(EXERCISE MATERIAL begins)

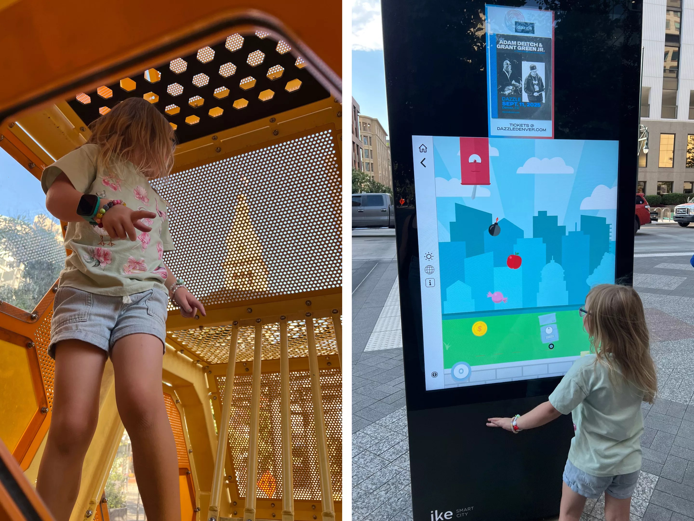 You read that correctly. It looks like the 16th Street makeover was worth it because it earned the mall a score of one million, according to Olive. We spent a day walking to each of the newly-added mini play structures along 16th Street, including the Aspen tree bird nest at Glenarm Place, the bee hive at Lawrence Street, the metal drum platforms at Curtis Street and the cowboy fish at Larimer Street. We also played video games and took photos using some of the touch screens lining 16th Street.
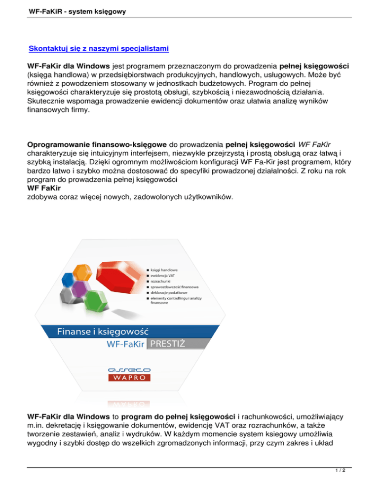 WF-FaKiR - system księgowy Skontaktuj się z naszymi specjalistami WF-FaKir dla Windows jest programem przeznaczonym do prowadzenia pełnej księgowości (księga handlowa) w przedsiębiorstwach produkcyjnych, handlowych, usługowych. Może być również z powodzeniem stosowany w jednostkach budżetowych. Program do pełnej księgowości charakteryzuje się prostotą obsługi, szybkością i niezawodnością działania. Skutecznie wspomaga prowadzenie ewidencji dokumentów oraz ułatwia analizę wyników finansowych firmy. Oprogramowanie finansowo-księgowe do prowadzenia pełnej księgowości WF FaKir charakteryzuje się intuicyjnym interfejsem, niezwykle przejrzystą i prostą obsługą oraz łatwą i szybką instalacją. Dzięki ogromnym możliwościom konfiguracji WF Fa-Kir jest programem, który bardzo łatwo i szybko można dostosować do specyfiki prowadzonej działalności. Z roku na rok program do prowadzenia pełnej księgowości WF FaKir zdobywa coraz więcej nowych, zadowolonych użytkowników. WF-FaKir dla Windows to program do pełnej księgowości i rachunkowości, umożliwiający m.in. dekretację i księgowanie dokumentów, ewidencję VAT oraz rozrachunków, a także tworzenie zestawień, analiz i wydruków. W każdym momencie system ksiegowy umożliwia wygodny i szybki dostęp do wszelkich zgromadzonych informacji, przy czym zakres i układ 1/2 WF-FaKiR - system księgowy wyświetlanych danych może być precyzyjnie określony przez użytkownika, a w razie potrzeby także zapisany w postaci definiowalnych filtrów i ustawień własnych. Użytkownik może ponadto określić i zapamiętać szereg parametrów związanych z pracą samej aplikacji. WF-FaKir jest pod tym względem bardzo elastyczny - użytkownik ma wpływ na szereg opcji związanych zarówno ze stroną merytoryczną działania programu (algorytmy) jak i jego wyglądem. Pozwala to na dostosowanie programu do specyfiki działania firmy jak i osobistych preferencji. Dostęp do wspomnianych wyżej opcji, jak również do danych gromadzonych w programie jest precyzyjnie kontrolowany przy pomocy wielowymiarowego systemu uprawnień. WF-FaKir dla Windows jest funkcjonalną kontynuacją dobrze znanej, obecnej na polskim rynku od kilku lat, wersji DOS-owej programu do księgowania. Jest on wynikiem połączenia dotychczasowych bogatych doświadczeń firmy, jako producenta aplikacji biznesowych, z możliwościami, jakie daje zastosowanie najnowszych technologii informatycznych. Program do pełnej księgowości WF Fa-KiR jest w pełni kompatybilny ze środowiskiem i interfejsem Microsoft Windows - pracuje pod kontrolą Windows 95, 98, 2000, NT, ME, XP, Vista, 7 maksymalnie wykorzystując zalety każdego z tych systemów operacyjnych. Program księgowy WF Fa-Kir, integruje się z innymi produktami Asseco WAPRO, np. WF-Ma g - program magazynowy , WF-GANG - program kadrowy , WF-bEST - ewidencja środków trwałych . 2/2
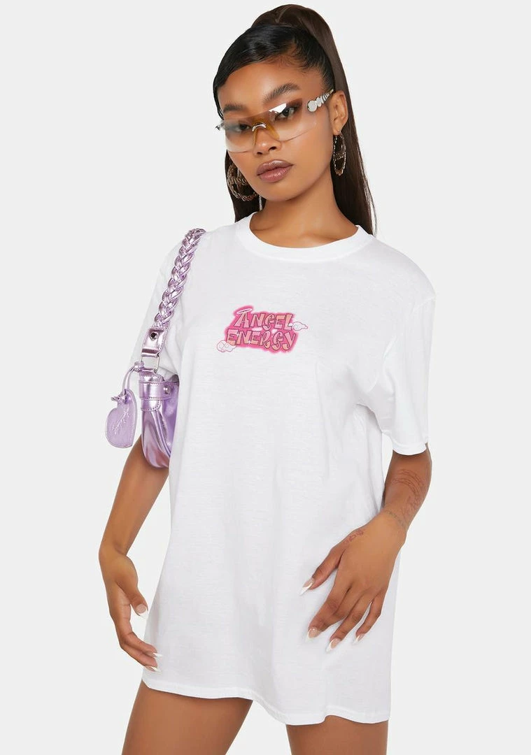 cuz you’re made of the right stuff. This oversized tee has “Angel Energy” printed at front and back, Bratz dolls graphics at back, short sleeves, and a crew neckline.
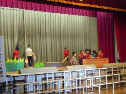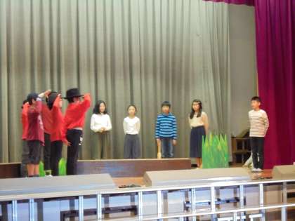 4年生「せかいでいちばんつよいくに」メッセージ性もあり、演技に気持ちがこもっていました。
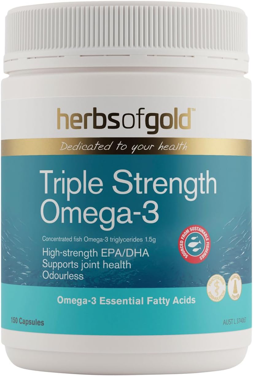 Herbs of Gold Triple Strength Omega-3 is a high-strength fish oil supplement rich in eicosapentaenoic acid (EPA) and docosahexaenoic acid (DHA).
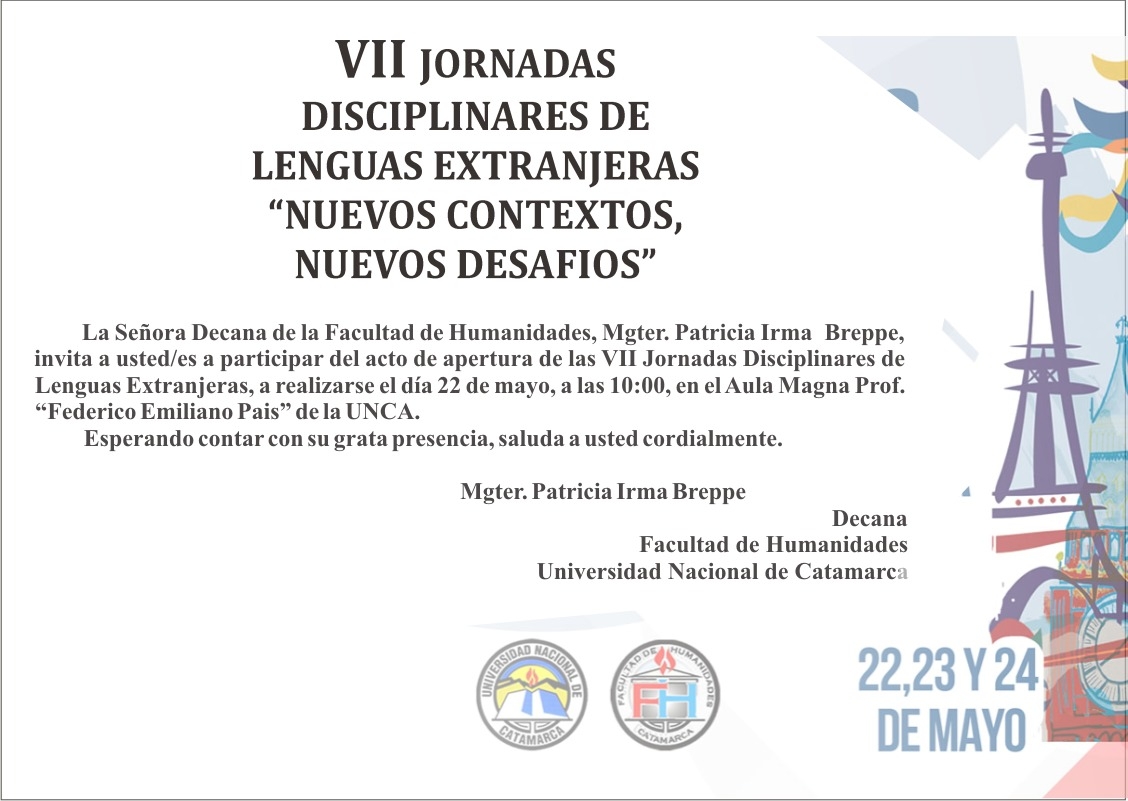 Organizadas por los Departamentos de Inglés y Francés de la Facultad de Humanidades de la UNCA, las VII Jornadas Disciplinares de Lenguas Extranjeras “Nuevos contextos, nuevos desafíos” se desarrollarán entre el miércoles y viernes de esta semana en distintas dependencias de la Universidad.
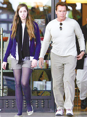 施瓦辛格16歲女兒亮相 個頭幾乎與老爸并肩(圖)
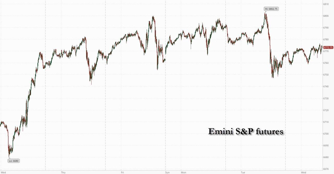 Futures are higher again, reversing Tuesday's modest Oracle-led decline, and are led by small caps despite additional multi billion tech investment headlines. As of 8:00am ET, S&P 500 futures were 0.1% higher, set for their 8th gain in the past 9 days, with Nasdaq 100 contacts +0.2% with Mag7, Semis, and AI-themed plays all rallying off the investment news. In premarket trading, AMD extended gains after an explosive rally following its multibillion-dollar AI deal with OpenAI. Tesla advanced after it unveiled a cheaper version of its top-selling electric vehicle. Cyclicals poised to outperform Defensive even as Ray Dalio warned that the AI-driven market rally “feels frothy.” Of course, it is all now just a debasement trade with everyone and their mother dumping fiat and buying hard currencies, sending gold above $4,000 an ounce for the first time, and silver above $49. The dollar gained for a third day against major peers and is now 2.5% off its 52-wk low as 96.00, while Treasury yields dipped. In commodities, Energy and Precious metals are the stand outs as gold breaks above $4k. The Administration said ~$13bn in farming aid may be rolled out soon. Today we get the FOMC minutes at 2pm; the Federal Budget Balance will likely be delayed due to the government shutdown.
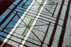 projected onto the carpet by the afternoon sun. I had thought that John Smith Murdoch was responsibel for the design because it contains plenty of 90 degree angles and squares but the well-known entertainer Jeanne Little says that her mother Katie Mitchell was responsible for the design, which symbolises a flag. It can also be seen on buildings in and around Sydney. Katie Mitchell had a successful business designing and manufacturing ornamental ironwork. (Article in Sunday Life section of Sun-Herald, 7 May 2000.) |
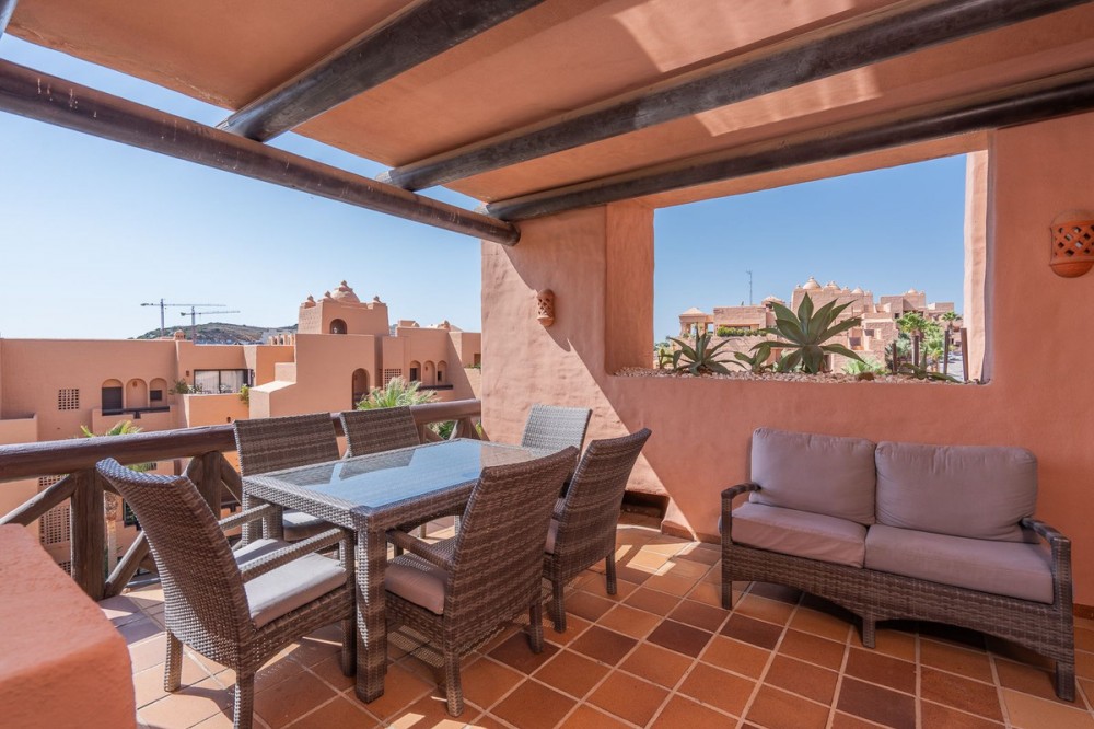 - Beautiful 2-Bedroom Apartment with Sea Views. This elegant 2-bedroom, 2-bathroom apartment boasts stunning sea views from its spacious terrace. Located just a 5-minute drive from La Duquesa port, the apartment features marble flooring throughout and integrated air conditioning. Enjoy a well-maintained community with multiple swimming pools, plus the convenience of a private garage space and storage room. The property can be sold fully furnished for your convenience. Contact us for additional questions and viewings.

(EXERCISE MATERIAL ends)

**TASK BRIEF:**
Print each entry above verbatim, pictures left out.

**EXPECTED ANSWER:**
 You read that correctly. It looks like the 16th Street makeover was worth it because it earned the mall a score of one million, according to Olive. We spent a day walking to each of the newly-added mini play structures along 16th Street, including the Aspen tree bird nest at Glenarm Place, the bee hive at Lawrence Street, the metal drum platforms at Curtis Street and the cowboy fish at Larimer Street. We also played video games and took photos using some of the touch screens lining 16th Street.
 WF-FaKiR - system księgowy Skontaktuj się z naszymi specjalistami WF-FaKir dla Windows jest programem przeznaczonym do prowadzenia pełnej księgowości (księga handlowa) w przedsiębiorstwach produkcyjnych, handlowych, usługowych. Może być również z powodzeniem stosowany w jednostkach budżetowych. Program do pełnej księgowości charakteryzuje się prostotą obsługi, szybkością i niezawodnością działania. Skutecznie wspomaga prowadzenie ewidencji dokumentów oraz ułatwia analizę wyników finansowych firmy. Oprogramowanie finansowo-księgowe do prowadzenia pełnej księgowości WF FaKir charakteryzuje się intuicyjnym interfejsem, niezwykle przejrzystą i prostą obsługą oraz łatwą i szybką instalacją. Dzięki ogromnym możliwościom konfiguracji WF Fa-Kir jest programem, który bardzo łatwo i szybko można dostosować do specyfiki prowadzonej działalności. Z roku na rok program do prowadzenia pełnej księgowości WF FaKir zdobywa coraz więcej nowych, zadowolonych użytkowników. WF-FaKir dla Windows to program do pełnej księgowości i rachunkowości, umożliwiający m.in. dekretację i księgowanie dokumentów, ewidencję VAT oraz rozrachunków, a także tworzenie zestawień, analiz i wydruków. W każdym momencie system ksiegowy umożliwia wygodny i szybki dostęp do wszelkich zgromadzonych informacji, przy czym zakres i układ 1/2 WF-FaKiR - system księgowy wyświetlanych danych może być precyzyjnie określony przez użytkownika, a w razie potrzeby także zapisany w postaci definiowalnych filtrów i ustawień własnych. Użytkownik może ponadto określić i zapamiętać szereg parametrów związanych z pracą samej aplikacji. WF-FaKir jest pod tym względem bardzo elastyczny - użytkownik ma wpływ na szereg opcji związanych zarówno ze stroną merytoryczną działania programu (algorytmy) jak i jego wyglądem. Pozwala to na dostosowanie programu do specyfiki działania firmy jak i osobistych preferencji. Dostęp do wspomnianych wyżej opcji, jak również do danych gromadzonych w programie jest precyzyjnie kontrolowany przy pomocy wielowymiarowego systemu uprawnień. WF-FaKir dla Windows jest funkcjonalną kontynuacją dobrze znanej, obecnej na polskim rynku od kilku lat, wersji DOS-owej programu do księgowania. Jest on wynikiem połączenia dotychczasowych bogatych doświadczeń firmy, jako producenta aplikacji biznesowych, z możliwościami, jakie daje zastosowanie najnowszych technologii informatycznych. Program do pełnej księgowości WF Fa-KiR jest w pełni kompatybilny ze środowiskiem i interfejsem Microsoft Windows - pracuje pod kontrolą Windows 95, 98, 2000, NT, ME, XP, Vista, 7 maksymalnie wykorzystując zalety każdego z tych systemów operacyjnych. Program księgowy WF Fa-Kir, integruje się z innymi produktami Asseco WAPRO, np. WF-Ma g - program magazynowy , WF-GANG - program kadrowy , WF-bEST - ewidencja środków trwałych . 2/2
 cuz you’re made of the right stuff. This oversized tee has “Angel Energy” printed at front and back, Bratz dolls graphics at back, short sleeves, and a crew neckline.
 4年生「せかいでいちばんつよいくに」メッセージ性もあり、演技に気持ちがこもっていました。
 Herbs of Gold Triple Strength Omega-3 is a high-strength fish oil supplement rich in eicosapentaenoic acid (EPA) and docosahexaenoic acid (DHA).
 Organizadas por los Departamentos de Inglés y Francés de la Facultad de Humanidades de la UNCA, las VII Jornadas Disciplinares de Lenguas Extranjeras “Nuevos contextos, nuevos desafíos” se desarrollarán entre el miércoles y viernes de esta semana en distintas dependencias de la Universidad.
 施瓦辛格16歲女兒亮相 個頭幾乎與老爸并肩(圖)
 Futures are higher again, reversing Tuesday's modest Oracle-led decline, and are led by small caps despite additional multi billion tech investment headlines. As of 8:00am ET, S&P 500 futures were 0.1% higher, set for their 8th gain in the past 9 days, with Nasdaq 100 contacts +0.2% with Mag7, Semis, and AI-themed plays all rallying off the investment news. In premarket trading, AMD extended gains after an explosive rally following its multibillion-dollar AI deal with OpenAI. Tesla advanced after it unveiled a cheaper version of its top-selling electric vehicle. Cyclicals poised to outperform Defensive even as Ray Dalio warned that the AI-driven market rally “feels frothy.” Of course, it is all now just a debasement trade with everyone and their mother dumping fiat and buying hard currencies, sending gold above $4,000 an ounce for the first time, and silver above $49. The dollar gained for a third day against major peers and is now 2.5% off its 52-wk low as 96.00, while Treasury yields dipped. In commodities, Energy and Precious metals are the stand outs as gold breaks above $4k. The Administration said ~$13bn in farming aid may be rolled out soon. Today we get the FOMC minutes at 2pm; the Federal Budget Balance will likely be delayed due to the government shutdown.
 projected onto the carpet by the afternoon sun. I had thought that John Smith Murdoch was responsibel for the design because it contains plenty of 90 degree angles and squares but the well-known entertainer Jeanne Little says that her mother Katie Mitchell was responsible for the design, which symbolises a flag. It can also be seen on buildings in and around Sydney. Katie Mitchell had a successful business designing and manufacturing ornamental ironwork. (Article in Sunday Life section of Sun-Herald, 7 May 2000.) |
 - Beautiful 2-Bedroom Apartment with Sea Views. This elegant 2-bedroom, 2-bathroom apartment boasts stunning sea views from its spacious terrace. Located just a 5-minute drive from La Duquesa port, the apartment features marble flooring throughout and integrated air conditioning. Enjoy a well-maintained community with multiple swimming pools, plus the convenience of a private garage space and storage room. The property can be sold fully furnished for your convenience. Contact us for additional questions and viewings.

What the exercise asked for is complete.